During 24 hours failover test. MDT stuck at

LNet: Service thread pid 3156 was inactive for 200.00s. The thread might be hung, or it might only be slow and will resume later. Dumping the stack trace for debugging purposes:
Pid: 3156, comm: mdt01_005

Call Trace:
 [<ffffffff81083e1c>] ? lock_timer_base+0x3c/0x70
 [<ffffffff8152a512>] schedule_timeout+0x192/0x2e0
 [<ffffffff81083f30>] ? process_timeout+0x0/0x10
 [<ffffffffa07d9fa9>] ptlrpc_set_wait+0x319/0xa30 [ptlrpc]
 [<ffffffffa07cf520>] ? ptlrpc_interrupted_set+0x0/0x110 [ptlrpc]
 [<ffffffff81061d00>] ? default_wake_function+0x0/0x20
 [<ffffffffa07e61b5>] ? lustre_msg_set_jobid+0xf5/0x130 [ptlrpc]
 [<ffffffffa07da741>] ptlrpc_queue_wait+0x81/0x220 [ptlrpc]
 [<ffffffffa113f271>] osp_remote_sync+0x121/0x190 [osp]
 [<ffffffffa1125b47>] osp_xattr_get+0x737/0x10e0 [osp]
 [<ffffffffa0d2c378>] ? __ldiskfs_journal_stop+0x68/0xa0 [ldiskfs]

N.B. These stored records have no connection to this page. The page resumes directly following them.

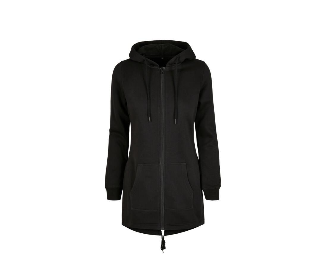 The Ladies Sweat Parka gives a casual touch to any outfit. The jacket is made from a soft cotton blend and can be adjusted using an internal drawstring. You’ll be sure to pick it on days when you just want to be comfortable. A hood and spacious kangaroo pocket top off the It piece. The crescent-shaped cutout on the back can be customized with a print.
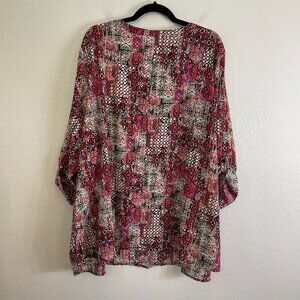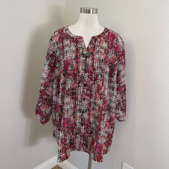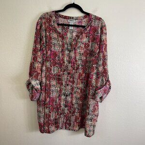 Catherines Womens Plus 3X Button Front Tunic Top Blouse Roll Tab Sleeve Shirt
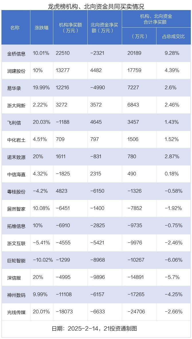 值得注意的是,机构和北向资金共同净买入了润建股份、浙大网新、中化岩土等3股;共同净卖出了居然智家、拓维信息、浙文互联、神州数码、光线传媒、巨轮智能、深信服等7股;在飞利信、中信海直、诺禾致源、金桥信息、易华录、粤桂股份上出现分歧,机构净卖出飞利信1188.06万元,北向资金净买入4644.85万元;机构净卖出中信海直1825.01万元,北向资金净买入2315.1万元;机构净买入诺禾致源1611.24万元,北向资金净卖出831.35万元;机构净买入金桥信息2.25亿元,北向资金净卖出2321.17万元;机构净买入易华录1.22亿元,北向资金净卖出4989.79万元;机构净买入粤桂股份4823.39万元,北向资金净卖出6149.64万元。
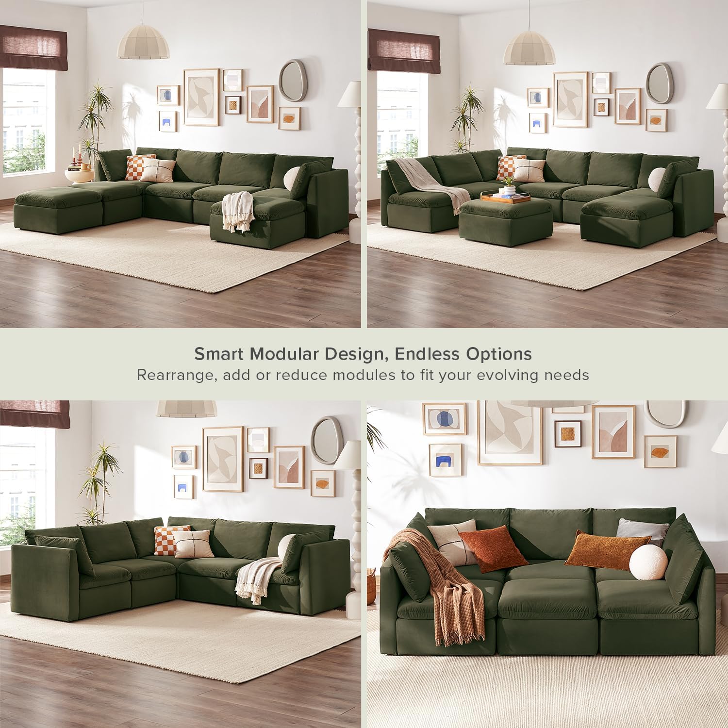 mopio Oversized Modular Sectional Sofa with Fully Removable Covers and Storage, Convertible U, L-Shaped and Sleeper Sectional, Modern Couches with Ottoman Chaise (Olive Green Velvet, 7 Seats, U)

 [<ffffffffa104ab25>] lod_xattr_get+0x185/0x760 [lod]
 [<ffffffffa10b8825>] mdd_links_read+0xf5/0x2d0 [mdd]
 [<ffffffffa10bbc4f>] mdd_linkea_prepare+0x39f/0x4d0 [mdd]

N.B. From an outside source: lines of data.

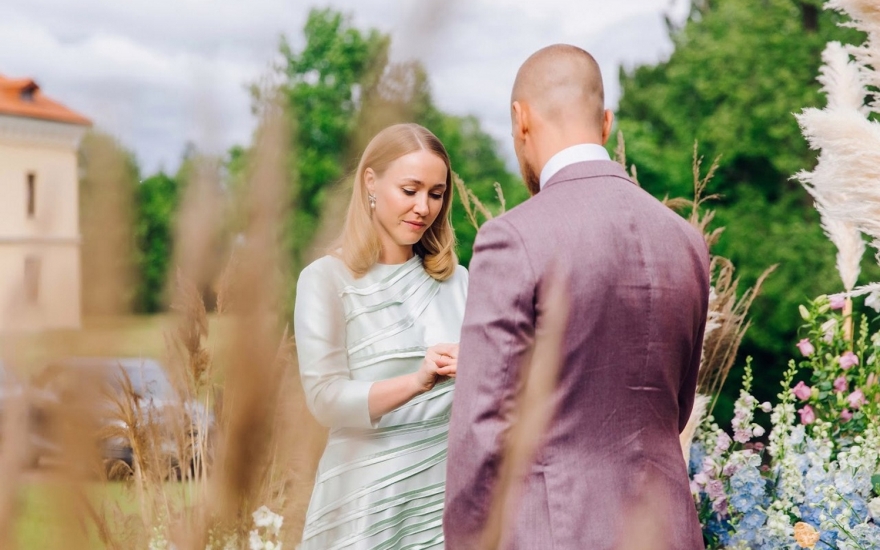 После первой же примерки модель отказалась от платья Elie Saab, купленного «на всякий случай» и заказала у петербургского бренда еще одно — почти невесомое, в ландышах. В итоге в наряде костюмера Дженнифер Лопес, Наоми Уоттс и Анджелины Джоли Ирина пробыла всего 15 минут — оно оказалось тесным в талии. «Во время свадьбы я была уже на третьем месяце беременности, поэтому заказанные у Татьяны Валентиновны за полгода платья пришлось чуть-чуть перешивать для начинающего расти животика. Плюс в первом, главном варианте мы переделали вырез на закрытое горло — в таком виде он больше подходил под мое настроение».
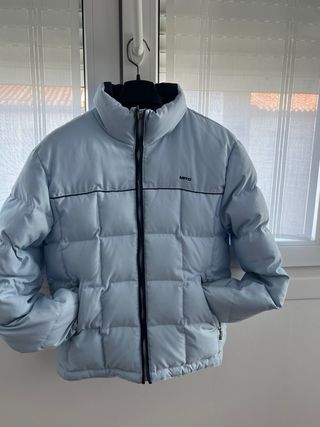 Anorak/chaqueta de invierno color azul claro con capucha y cierre de cremallera. Su tejido principal es nylon y el forro es de poliéster, así que estaremos bien abrigados con el.
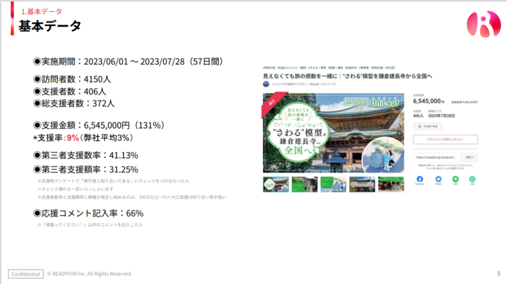ページを訪れた人が支援くださる比率が9%で、RF社平均の3倍以上。これはプロジェクトが届いたことで支援しようと思ってくれた人が多く、共感される、応援されるべきプロジェクトだったということ。
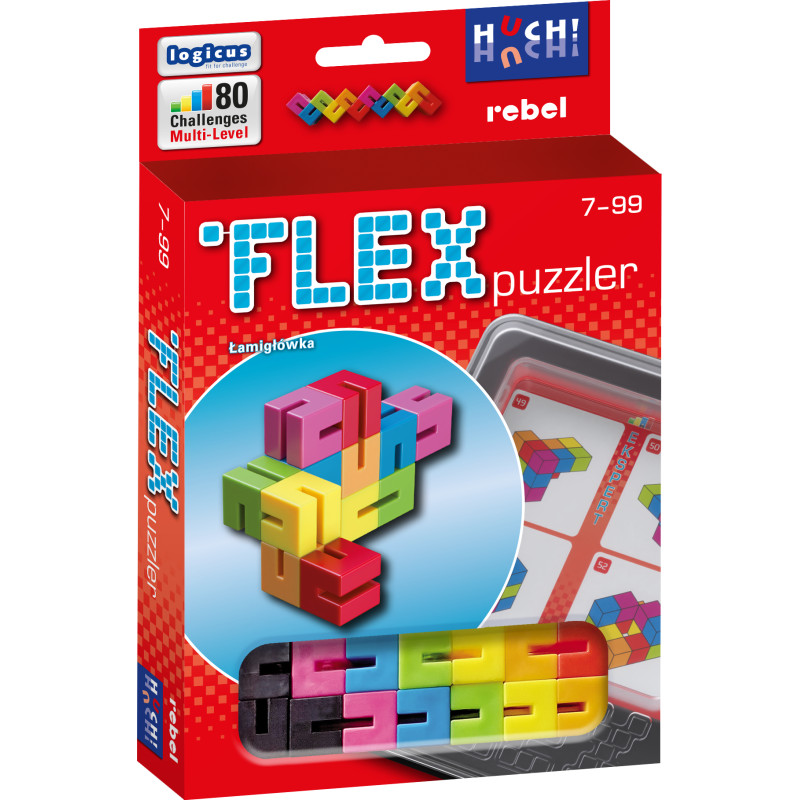 Wypróbuj swoją wyobraźnię przestrzenną i sprawdź, jak dobrze radzisz sobie z rozwiązywaniem abstrakcyjnych łamigłówek! Flex Puzzler to specjalny plastikowy mechanizm, który możesz wygiąć w dowolny sposób pod kątem 90°. Tylko jak znaleźć właściwy układ, wskazany na karcie zadania?
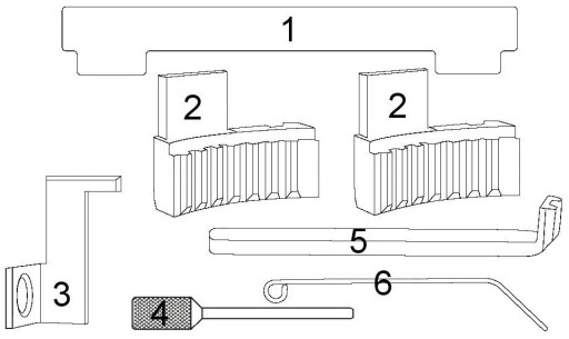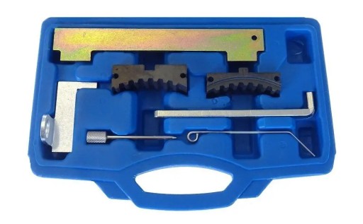 1 – Listwa blokująca wałki rozrządu (OEM: KM-6628A)2 – Narzędzie do ustawiania wałków rozrządu (OEM: KM-6340)3 – Przyrząd do blokowania wału korbowego (OEM: KM-6625) 4 – Trzpień napinacza (OEM: KM-6349)5 – Przyrząd do blokowania koła zamachowego (OEM: KM-911)6 – Trzpień napinacza (OEM: KM-6333)
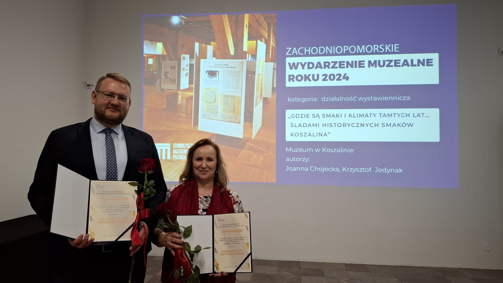 Wystawa Muzeum w Koszalinie „Gdzie są smaki i klimaty tamtych lat… Śladami historycznych smaków Koszalina” została wyróżniona w konkursie Zachodniopomorskie Wydarzenie Muzealne Roku 2024! Nagrodę podczas gali w Muzeum Narodowym w Szczecinie odebrali kuratorzy wystawy – Joanna Chojecka, dyrektor Muzeum w Koszalinie oraz Krzysztof Jedynak, kierownik Działu Historycznego.Konkurs Zachodniopomorskie Wydarzenie Muzealne Roku został zorganizowany już po raz 15. W tym roku 11 instytucji z całego województwa zgłosiło aż 26 projektów w trzech kategoriach:
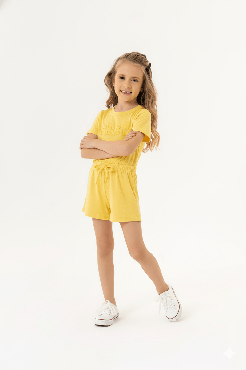 Macaquinho infantil para menina, confeccionado em malha canelada. Destaca-se pela estampa em gel com a inspiradora mensagem "Believe in Yourself", adicionando um toque moderno e divertido. A peça é complementada por um cordão decorativo na cintura, que adiciona charme e permite um ajuste perfeito.
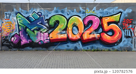 鮮やかな2025年のグラフィティアートが描かれた壁
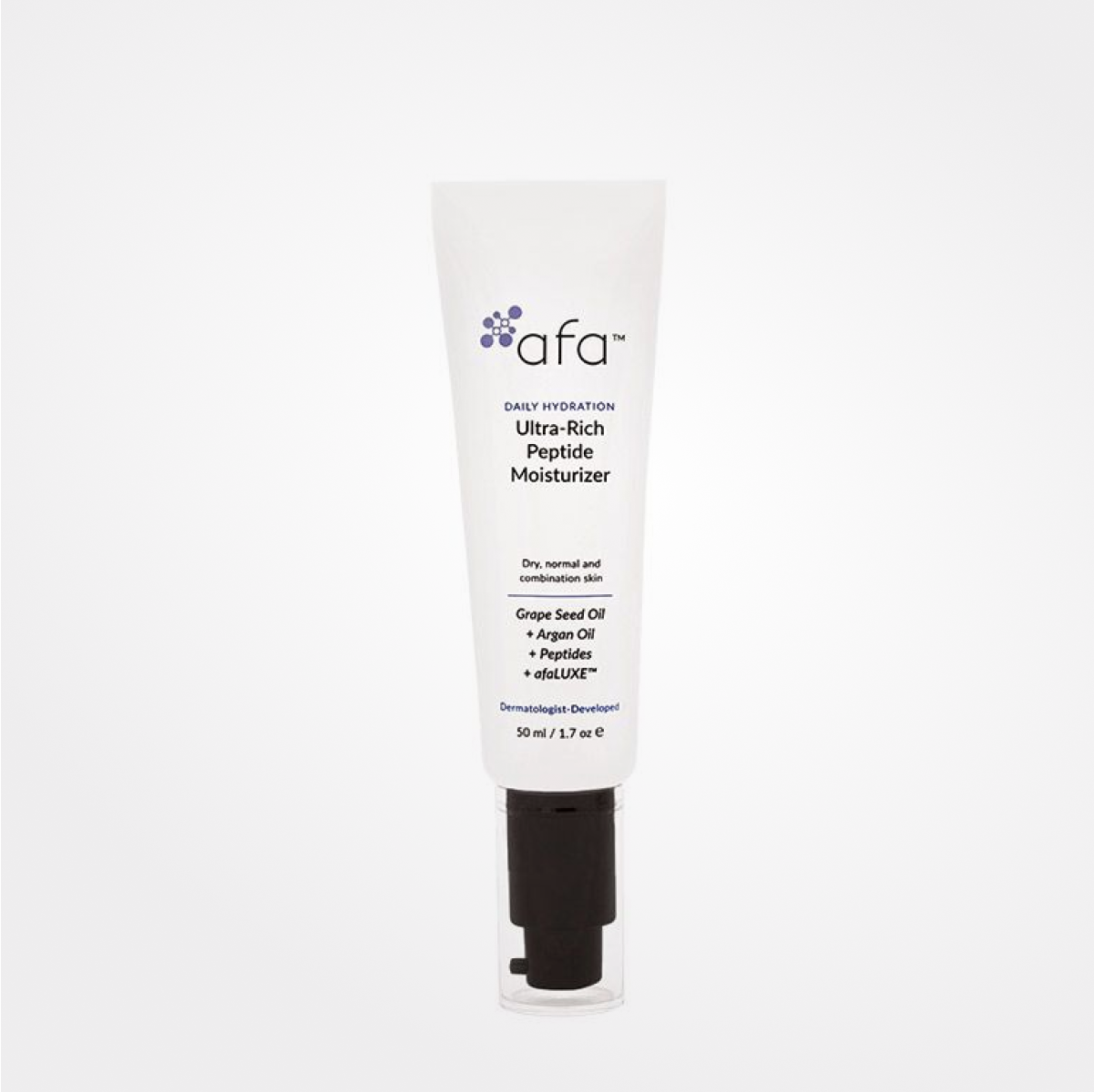 AFA Ultra-Rich Peptide Moisturizer est une formule puissante et restauratrice qui offre une hydratation essentielle durable pour améliorer la santé de la peau. Les peptides réparent les dommages cellulaires, tandis que l’huile d’argan nourrit et revitalise la peau. L’huile de grenade protège contre les radicaux libres et réduit l’inflammation, tandis que l’huile de pépins de raisin décongestionne les pores et minimise les ridules.

 [<ffffffffa10bbea1>] mdd_links_rename+0x121/0x540 [mdd]
 [<ffffffff8152b3a6>] ? down_write+0x16/0x40
 [<ffffffffa10c28ba>] mdd_rename+0x13aa/0x1d50 [mdd]

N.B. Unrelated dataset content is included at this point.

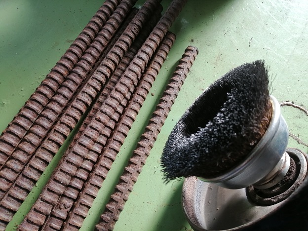 異型鉄筋の錆落としは「カップブラシ」を使います。

 [<ffffffffa0f7a105>] mdt_reint_rename_internal+0x1305/0x1a50 [mdt]
 [<ffffffffa0798246>] ? ldlm_lock_enqueue+0x2c6/0x8e0 [ptlrpc]
 [<ffffffffa0f7aa4d>] mdt_reint_rename_or_migrate+0x1fd/0x7e0 [mdt]
 [<ffffffffa07b7160>] ? ldlm_blocking_ast+0x0/0x180 [ptlrpc]
 [<ffffffffa07b8ad0>] ? ldlm_completion_ast+0x0/0x9b0 [ptlrpc]
 [<ffffffffa080cea2>] ? __req_capsule_get+0x162/0x6e0 [ptlrpc]
 [<ffffffff8128b45a>] ? strlcpy+0x4a/0x60
 [<ffffffffa0f7b063>] mdt_reint_rename+0x13/0x20 [mdt]
 [<ffffffffa0f7386d>] mdt_reint_rec+0x5d/0x200 [mdt]
 [<ffffffffa0f5f78b>] mdt_reint_internal+0x62b/0xb80 [mdt]
 [<ffffffffa0f6017b>] mdt_reint+0x6b/0x120 [mdt]
 [<ffffffffa084ef42>] tgt_request_handle+0xa42/0x1230 [ptlrpc]
 [<ffffffffa07f73a1>] ptlrpc_main+0xe41/0x1920 [ptlrpc]
 [<ffffffff810096f0>] ? __switch_to+0xd0/0x320
 [<ffffffff810623a9>] ? find_busiest_queue+0x69/0x150
 [<ffffffff815296ee>] ? thread_return+0x4e/0x770
 [<ffffffffa07f6560>] ? ptlrpc_main+0x0/0x1920 [ptlrpc]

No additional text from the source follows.